Hoy Pablo golpeó la puerta del baño. La golpeó tres veces, las conté. Primero, una y un “mamá”. Luego dos y un repiqueteo de los nudillos acelerando el ritmo, como levantando temperatura. Y tres, y dijo: “Vamos, mamá. Hace media hora que estás adentro". Y luego, que "estoy preocupado". 
Entró sin más, sin esperar o esperando poco o esperando demasiado. Todo depende desde donde se lo vea. Yo seguí sentada en el inodoro. En la misma posición. Sin mover un músculo. De frente al espejo. Un espejo que insistía en mostrar una cara demasiado actual, ríspida, avejentada, nerviosa. Eso sí, desde donde se la mirara.
“No recuerdo mi cara”, le dije. No recuerdo cómo era mi cara.

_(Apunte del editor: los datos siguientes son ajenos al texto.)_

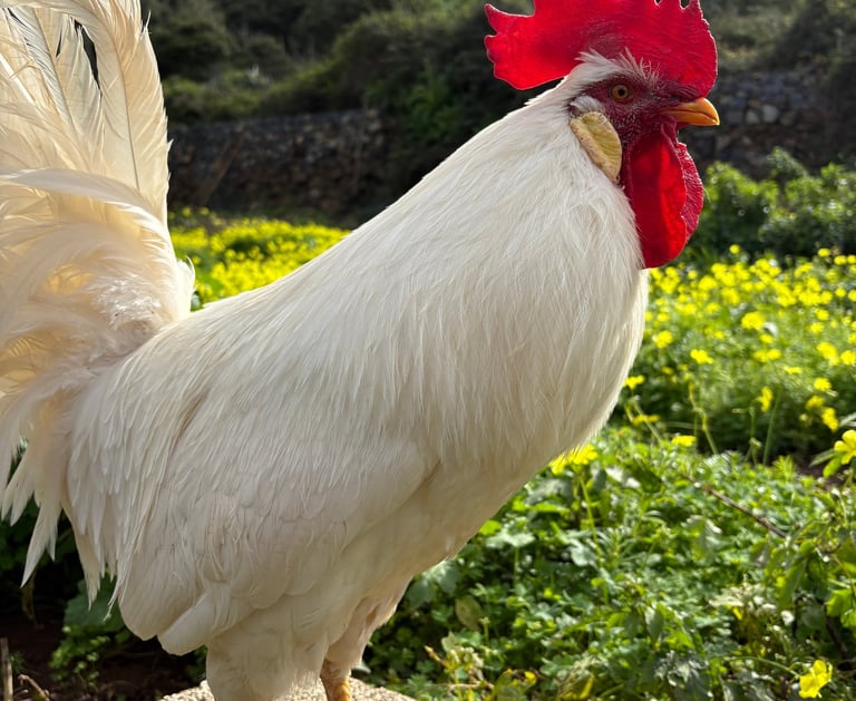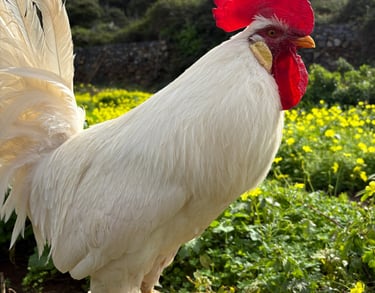 Este gallo llegó siendo un pollo que encontró una voluntaria del Santuario mientras paseaba a su perro. Lo recogió y nos lo trajo. Es un gallo muy sociable y cariñoso.

“La estuve examinando cuidadosamente, por acá, por allá y no, no la recuerdo. Cómo eran mis ojos, mis pestañas, mi boca, mis dientes, mi nariz. Estoy segura de que yo no era así. Que yo era otra, que tenía otra mirada, otra forma en las cejas, otras orejas, otra presión en los labios”.
“Antes, ¿cuándo?”, pregunta como si importara.
“Antes”, respondo. 
“Antes, hace veinte años, treinta años, cuarenta años: antes”.

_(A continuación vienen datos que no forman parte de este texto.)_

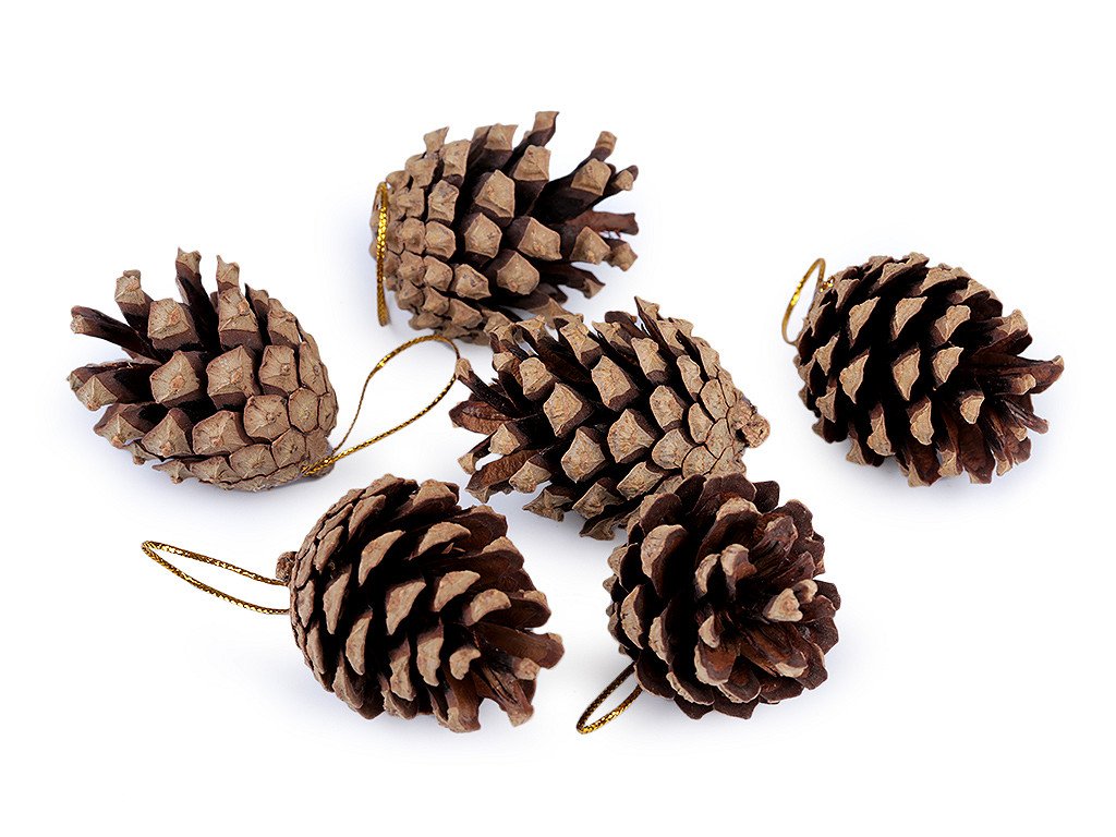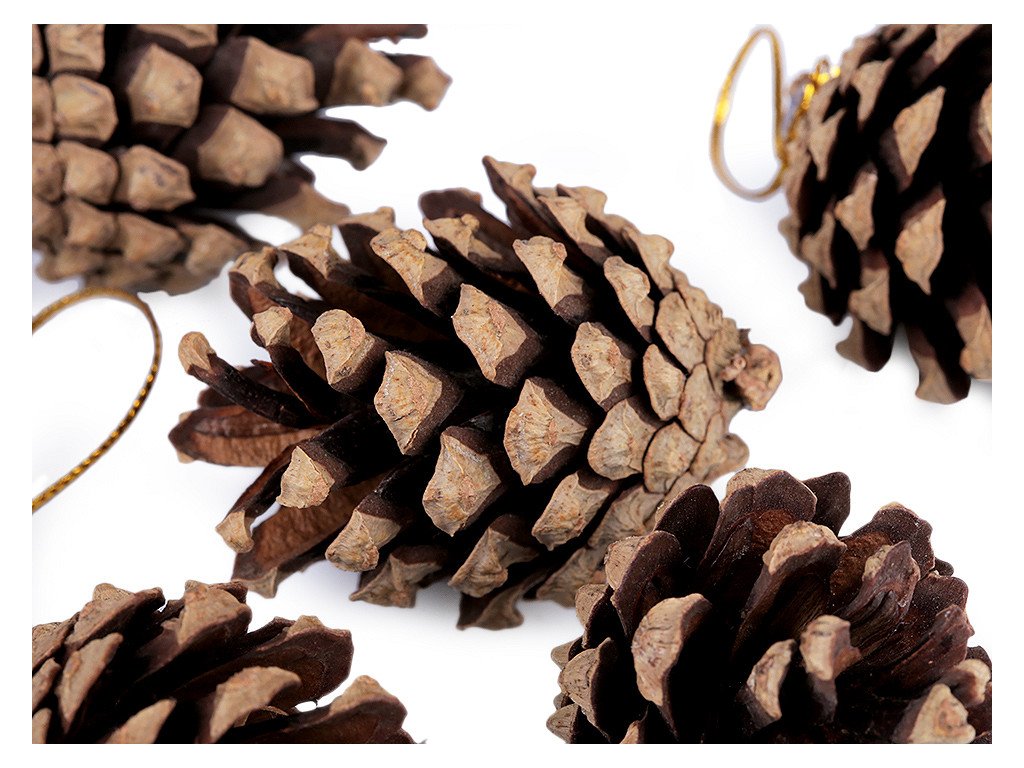 Dekorační šišky můžete pověsit na stromeček, věnce nebo větvičky ve váze. Mají poutko z lurexové šňůrky.

“Claro mamá, claro que tenías otra cara”. Me dice así, dando una palmadita en los hombros y queriendo encontrar los ojos. Mis ojos. Estos que son ahora pero que no eran antes de la misma forma.
“Pero no la recuerdo”, insisto. 
“Me toco, me estiro la piel frente al espejo, aprieto los labios, abro los ojos lo más que puedo y no me acuerdo. No me encuentro. ¿De quién es esta cara? No puede ser mía”.
“La tuya mamá”, asegura. La mía. Mi cara.
“Voy a traer fotos”, dice. Y yo oigo su voz apresurada, intranquila, como cuando se le perdía uno de sus playmobiles y revolvía todo el cuarto buscándolo. Chiquito. Chiquito tembloroso de mamá.
Anda, anda a buscar el playmobil, ya va aparecer Pablito, quiero decirle. Pero las palabras ya no salen por esta boca que no es mía.
“Acá mirá, esta sos vos. Vos a los seis, a los quince, acá estás con papá, acá cuando me recibí...” y va pasando foto tras foto. Recuerdos en los que apenas me reconozco. Y si soy yo, quién es esta.
No quiero ver esas fotos, esas fotos que no me dicen nada de mí. Quiero que las deje en paz y vaya a buscar su playmobil. Sólo, sólo quiero verme a mí. Es injusto. Era yo después de todo. Era una parte mía. Me pertenecía. Es como si alguien se llevara algo muy tuyo fuera de vos y ya, ya no lo tuviera más, ¿entendés? Algo muy tuyo y que no lo tuvieras más. Para qué quiero una foto. Me quiero a mí. Me quiero ver a mí ahora pero no a la de ahora. A todas mis “mis”.
Anda, anda buscar tu playmobil Pablito, buscalo por favor. No quiero fotos. Nada de fotos. Sólo trae el playmobil.
Pero las palabras se resisten dentro del paladar. Como clavadas entre la campanilla y la lengua, que ya no se estira. Que no se desenrolla. Que no responde.